What you will do: Drop every picture. Then return, exactly, the lines from the beginning of the listing below through the one containing "11月28日(金)の5、6時".

Supplied information:
....

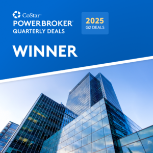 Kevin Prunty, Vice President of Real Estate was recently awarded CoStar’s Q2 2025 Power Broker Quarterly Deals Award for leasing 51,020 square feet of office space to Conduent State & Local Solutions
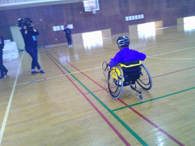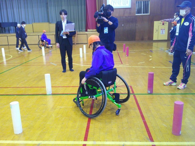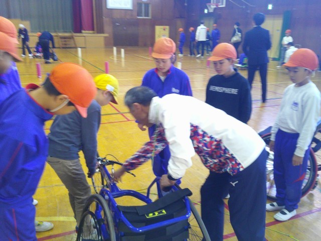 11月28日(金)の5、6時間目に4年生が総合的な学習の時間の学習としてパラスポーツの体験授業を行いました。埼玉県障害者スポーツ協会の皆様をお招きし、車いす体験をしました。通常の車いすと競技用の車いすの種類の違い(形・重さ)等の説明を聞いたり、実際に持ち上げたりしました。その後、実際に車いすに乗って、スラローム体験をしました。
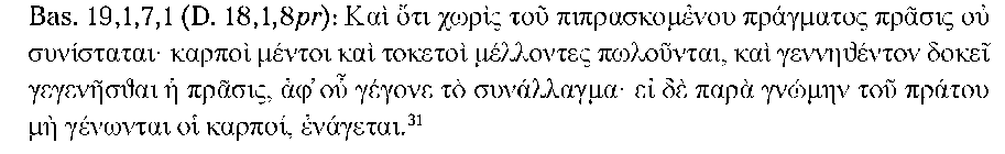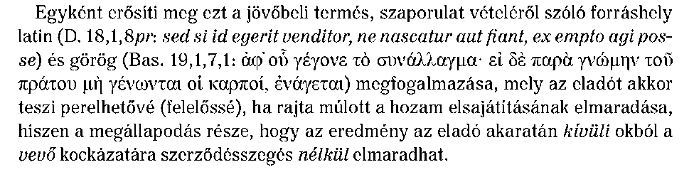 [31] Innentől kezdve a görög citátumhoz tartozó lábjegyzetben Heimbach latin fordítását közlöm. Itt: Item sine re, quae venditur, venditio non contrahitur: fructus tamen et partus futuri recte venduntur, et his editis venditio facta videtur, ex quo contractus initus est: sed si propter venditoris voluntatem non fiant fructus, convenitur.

....

Answer box:
 Kevin Prunty, Vice President of Real Estate was recently awarded CoStar’s Q2 2025 Power Broker Quarterly Deals Award for leasing 51,020 square feet of office space to Conduent State & Local Solutions
 11月28日(金)の5、6時間目に4年生が総合的な学習の時間の学習としてパラスポーツの体験授業を行いました。埼玉県障害者スポーツ協会の皆様をお招きし、車いす体験をしました。通常の車いすと競技用の車いすの種類の違い(形・重さ)等の説明を聞いたり、実際に持ち上げたりしました。その後、実際に車いすに乗って、スラローム体験をしました。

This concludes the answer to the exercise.